Мейерхольд делил все поставленные им спектакли на две группы: те, что он вынашивал по многу лет («Маскарад», «Ревизор», «Горе уму», «Борис Годунов», непоставленный «Гамлет»), и те, которые он принужден был ставить быстро и ставил, развивая и варьируя приемы, уже найденные им в других работах (почти все прочие спектакли). Таким образом, и эти «быстро поставленные» спектакли оказывались созданными на основе многолетних разработок и заготовок.
Мейерхольд мог целыми часами подробно рассказывать о своих еще не поставленных спектаклях. Так он рассказывал о «Гамлете», которого не осуществил. Так он рассказывал о «Борисе Годунове», поставленном начерно в 1936/37 году.
Я помню один вечер в Киеве летом 1936 года, когда Мейерхольд детально, до малейших подробностей, рассказал о своем решении сцены с монологом «Достиг я высшей власти». Это был живой образный рассказ, и даже не рассказ — он сыграл нам всю сцену за всех действующих лиц (по Мейерхольду, Борис в этой сцене не один).
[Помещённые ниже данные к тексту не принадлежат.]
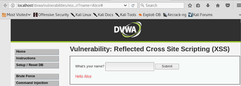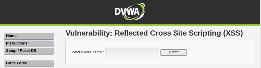 DVWA - Reflected XSS (Security Level: Low) 이름 입력 칸에 정상적으로 이름을 입력하면, 이름과 함께 인사말이 출력된다.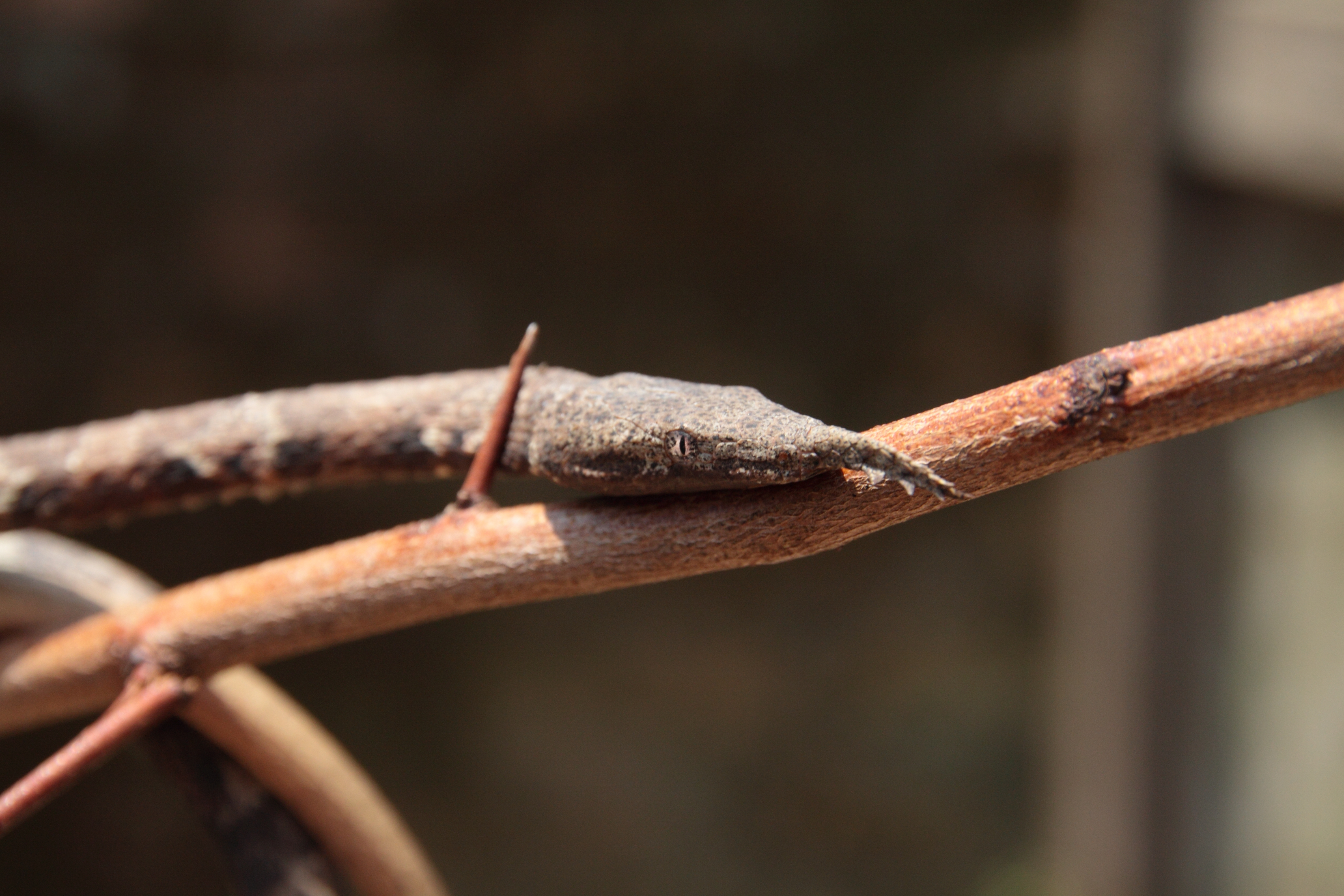 During a semester abroad with the School for International Training in Madagascar, I conducted an observational field study on the Madagascar leaf-nosed snake, Langaha madagascariensis. This study recorded previously undocumented aspects of its ecology including habitat preference, foraging strategies, and diet. The resulting article is published in the journal Herpetological Conservation and Biology [PDF].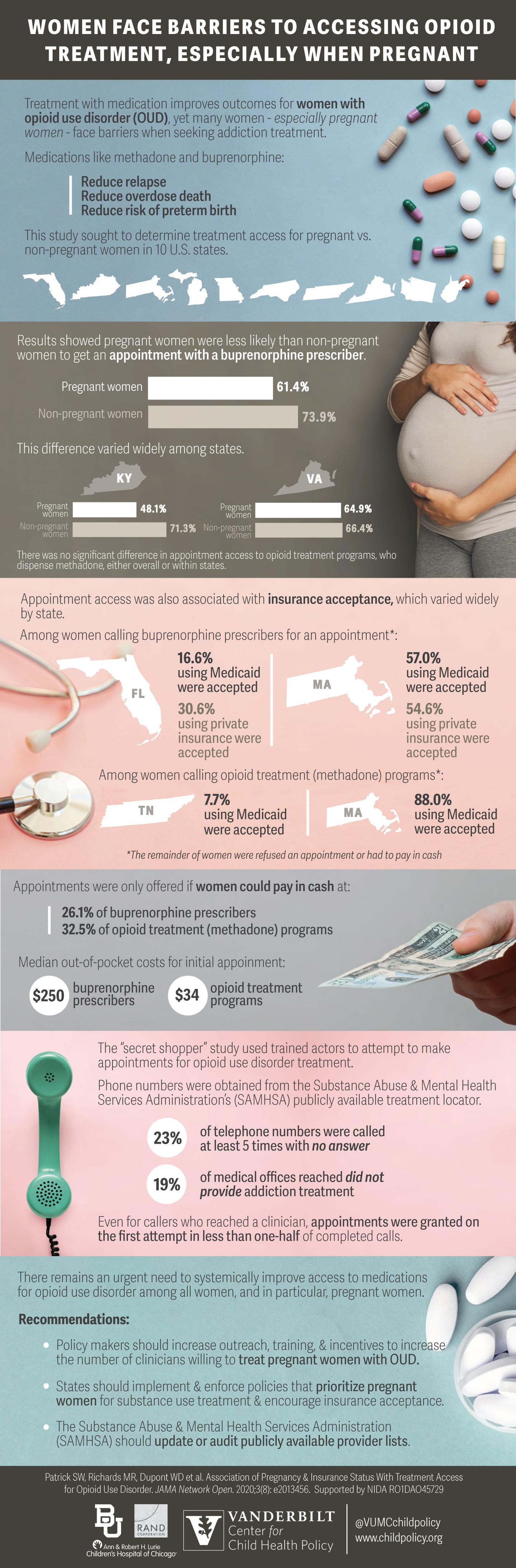 "Only about half of women were given an appointment for treatment with their insurance, the rest were either told no or had to pay cash. In some states, only about 1-in-5 women were given appointments with their insurance," Patrick said. "That's really staggering. You are telling folks in the middle of an epidemic, folks who are disproportionately impoverished, that you need to get into treatment. But then most providers either say no or don't take any insurance."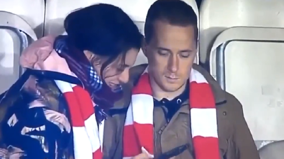 | مقطع طريف لشاب وصديقته خلال مباراة كرة قدم - فيديو |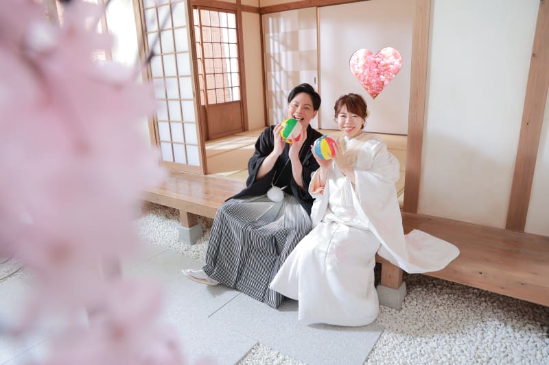 和装ならではのアイテムで、お二人ともとってもいい表情ですね!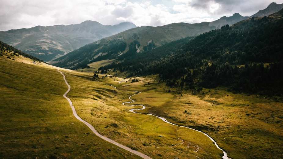 Links der Fluss Clemgia, rechts die feine Schotterstrasse Foto: Tourismus Engadin Scuol Samnaun Val Müstair AG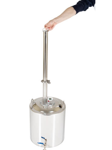 Широкие соединительные трубки диаметром 18 мм и спускной клапан гарантируют полную безопасность при перегонке. Закупорка исключена.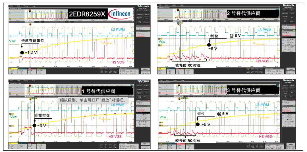 雖然柵極驅動器電源仍低於 UVLOon 閾值,但有源輸出鉗位為柵極驅動器 IC 輸出端提供了一條低阻抗接地路徑。這種最通用的方法可以避免在自舉啟動過程中出現半橋級擊穿事件。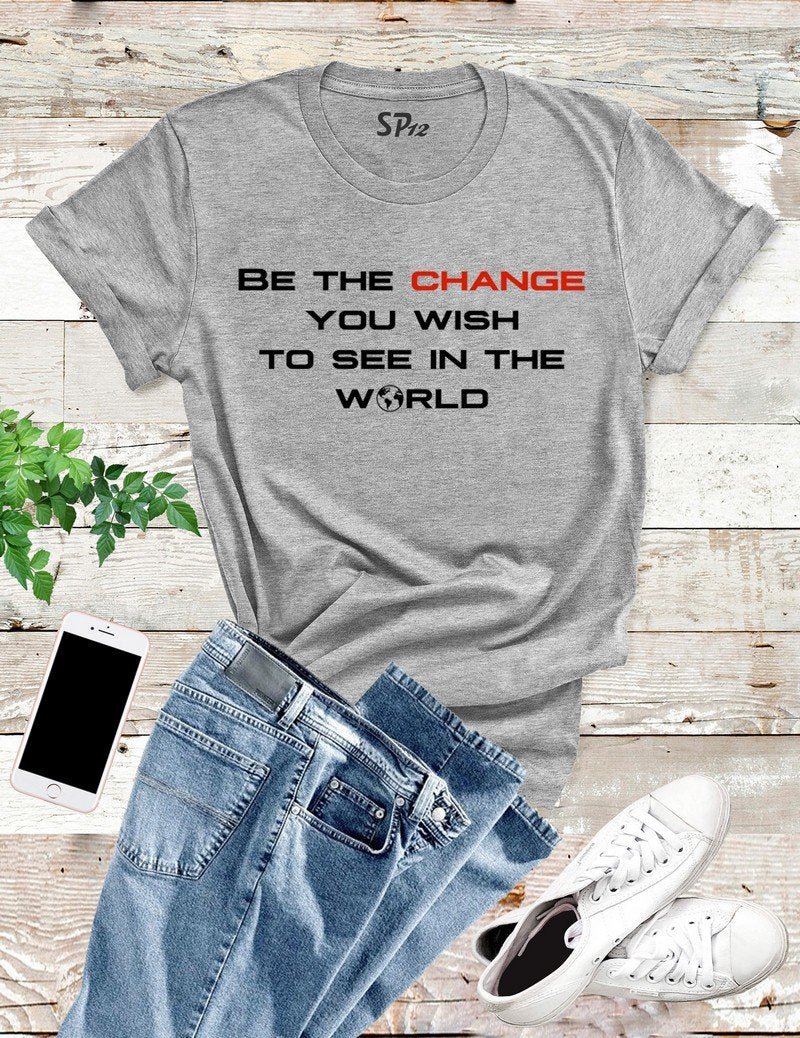 Be The change You Wish To See In the World T Shirt is printed with the message Wish To See In the World. Fan of motivational quotes or funny memes then you will like our slogan tshirt. These soft cotton tshirts are stylish and comfy. Funny t shirts that can give someone a laugh or sparkling smile and happy time. This slogan t shirt will get an attention and compliment.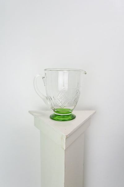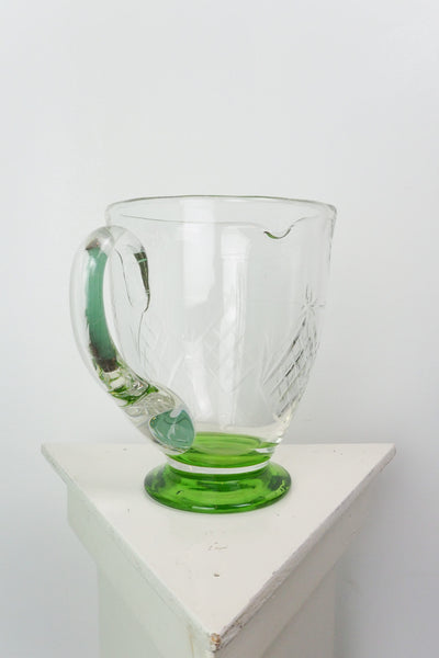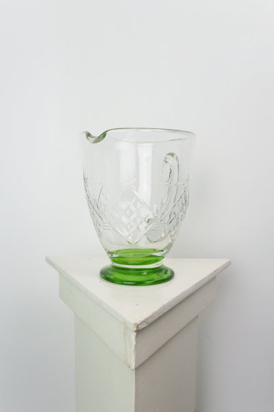 A classic hand blown green and crystal cut vintage jug.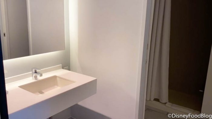 As for the bathroom, there was a separate sink area with a mirror while the toilet and stand-up shower were partitioned off by another doorway so someone could get ready if the other area was in use.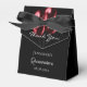 Elegant, klassisk, glamorös för ett Quinceañera-party favors. En svart bakgrund, dekorerad med ballonger med röd färgad. Med texten: Quinceañera och Tack skrivet med ett modernt handskript i stil. Anpassa och lägg till ett namn och ett datum.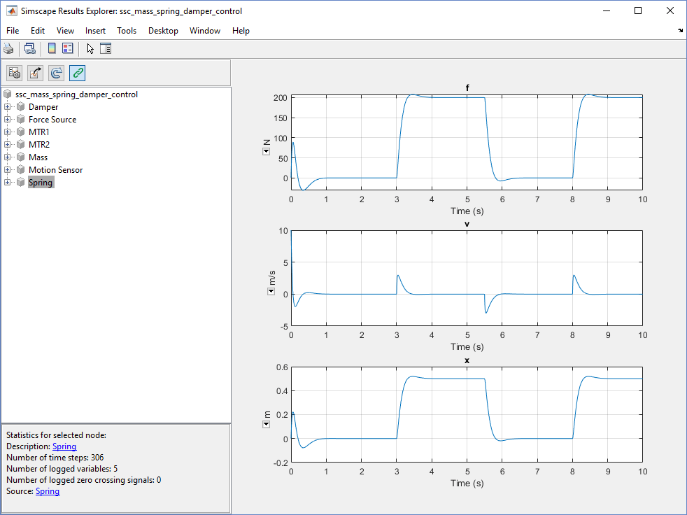 Откроется окно Simscape Results Explorer, на левой панели которого будет выделен узел, соответствующий блоку «Пружина». На правой панели отображаются графики данных моделирования для трех переменных, связанных с блоком.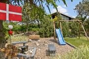 Huset ligger på en 1.521 m2 stor grund med en flot anlagt have, som med garanti vil begejstre både store og små. Græsplænen inviterer til leg og boldspil, og der er desuden et legestativ i haven. Er man ikke til for meget fysisk aktivitet, kan man nyde de fredfyldte omgivelser i ro og mag i en liggestol – der ergode terrasser både ved huset og i bunden af haven, hvor der altid er vindstille. Den ene terrasse er overdækket, så her kan I trække ind i skyggen, når solen bager, eller hygge jer i tørvejr, hvis det skulle dryppe lidt fra oven.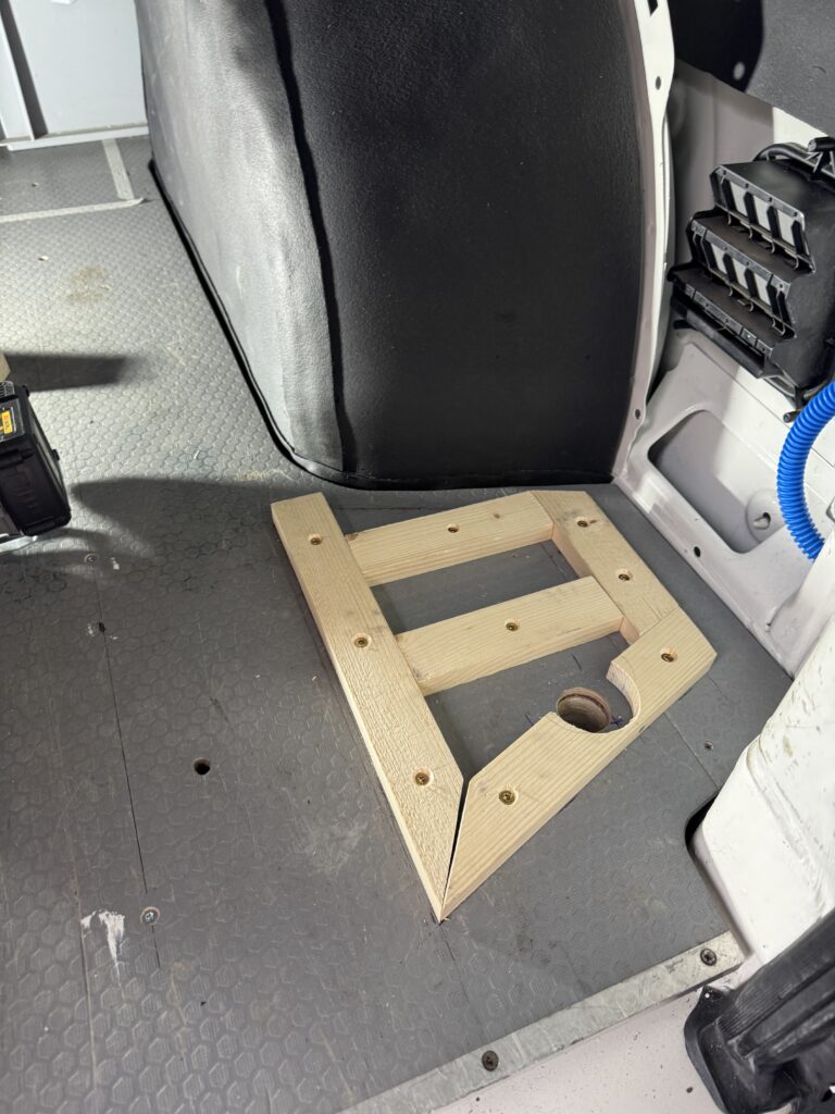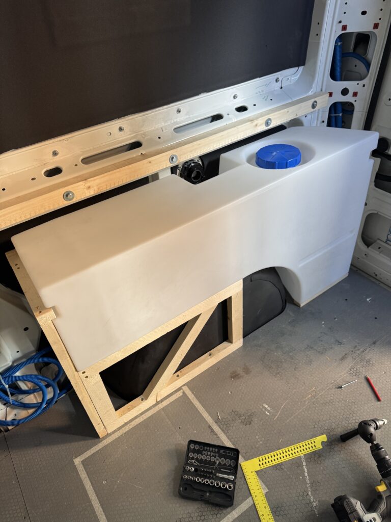 Das Ausmessen und das Platzieren des Wassertanks ist nicht ganz einfach, da der Wassertank an der Unterseite ein Ablassventil mit einem ca. 7cm langen Stutzen besitzt. Sobald wir den Tank vermessen haben und sicher waren, wo das Loch in den Boden gebohrt werden muss, konnten wir den Tank dann das erste Mal in das Fahrzeug setzten.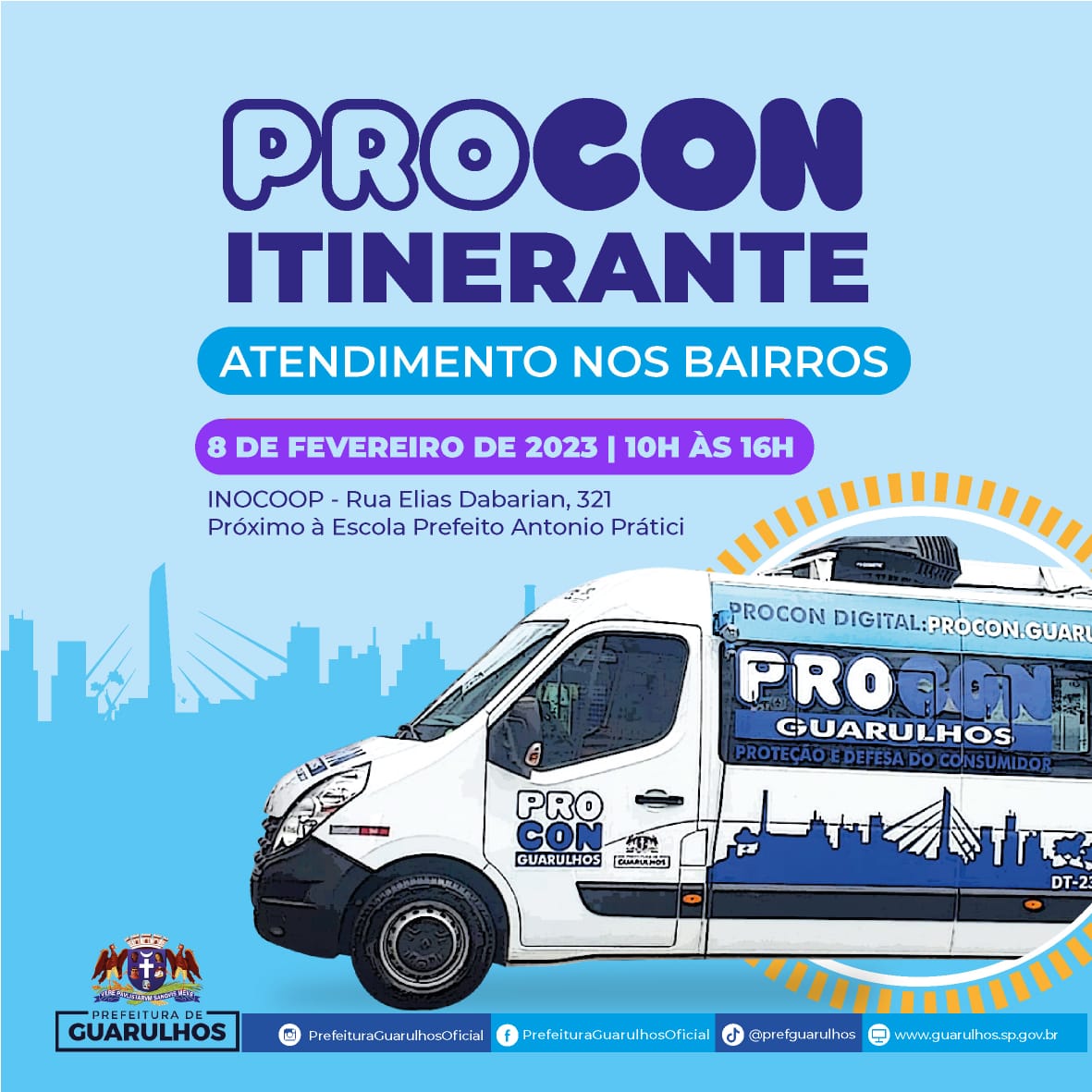 Os moradores do Inocoop terão o atendimento da van da Coordenadoria de Proteção e Defesa do Consumidor de Guarulhos nesta quarta-feira (8), que estará estacionada na rua Elias Dabarian, 321, próxima à Escola Estadual Prefeito Antonio Prátici, das 10h às 16h. O veículo do Procon Guarulhos disponibiliza os mesmos serviços prestados nas unidades fixas e todas as quartas-feiras atende em um bairro diferente.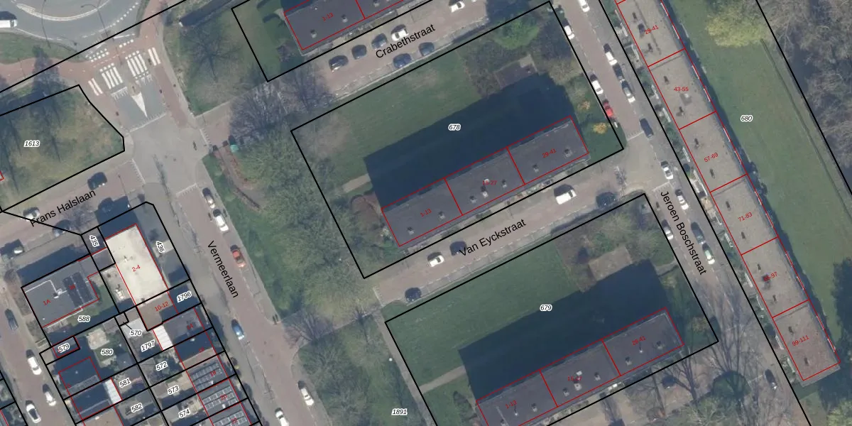 Van Eyckstraat 13 is gelegen op kadastraal perceel MSS00B678. Deze kadastrale aanduiding is uniek en wordt gebruikt door het Kadaster om eigendomsrechten en andere zakelijke rechten vast te leggen. Het perceel maakt onderdeel uit van de kadastrale gemeente Maassluis.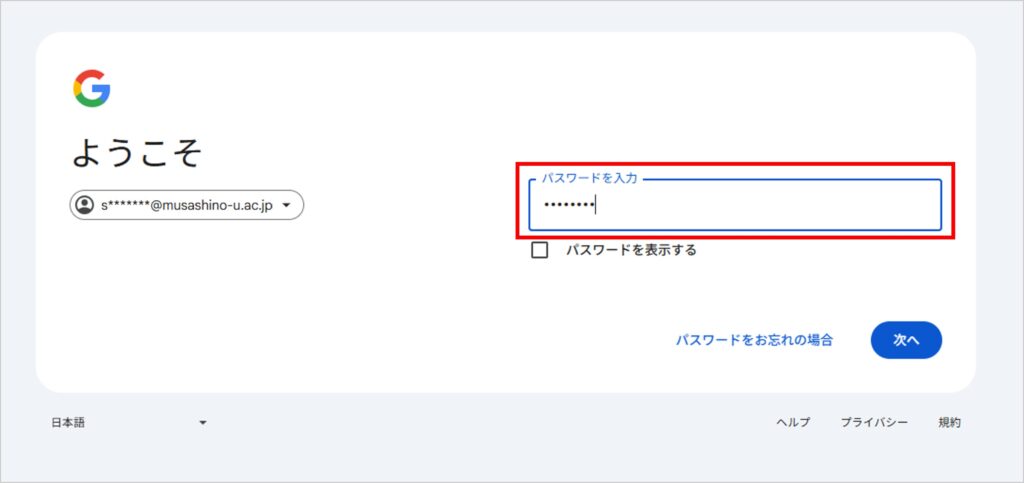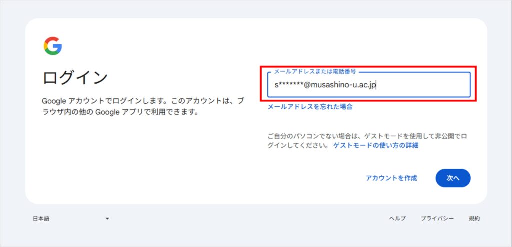 手順3 「アカウント通知書」に記載のメールアドレス[*****@musashino-u.ac.jp] を入力します。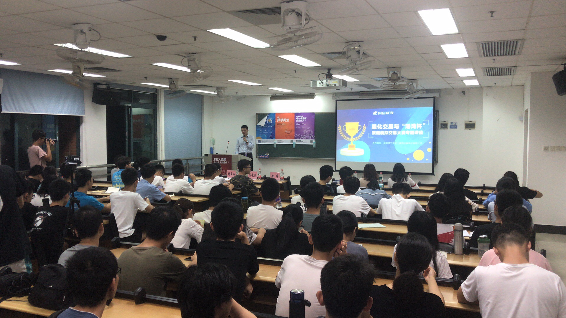 本期“数研讲堂”讲座由香港科技大学博士、现任国信证券总部技术交易团队投研主管徐睿老师主讲。徐睿老师在量化交易平台研发、机器学习算法及其在量化投资中的应用等方面有深入的研究以及丰富的实践经验。为了让同学们能更好地学习到量化投资相关知识,徐睿讲师结合自身在量化投资领域深刻的感知体验与丰富的工作经验,以股票投资为例引入量化交易的概念,层层深入,依次介绍了量化交易在国内外背景及行情、量化交易内容及量化交易策略的入门知识。何睿讲师还详细介绍了“港湾杯”策略模拟交易大赛内容,鼓励同学们亲身参与到量化交易当中。整场讲座过程中,同学们积极与老师互动,向老师提出疑问,徐睿讲师耐心解答同学们的疑惑,现场学术氛围浓厚。活动结束后,同学们对讲座内容仍意犹未尽,积极与徐睿讲师交流学习,深入探讨,迸溅学术的火花。

И я помню репетицию зимой в Москве, когда Мейерхольд работал с исполнителем роли Бориса — Н. И. Боголюбовым. Я отлично запомнил его рассказ, но мне казалось, что я вижу это впервые,— столько появилось в сцене нового, рожденного актерской индивидуальностью Боголюбова. Это было настоящее непосредственное творчество; нечто, рождавшееся тут же, на наших глазах.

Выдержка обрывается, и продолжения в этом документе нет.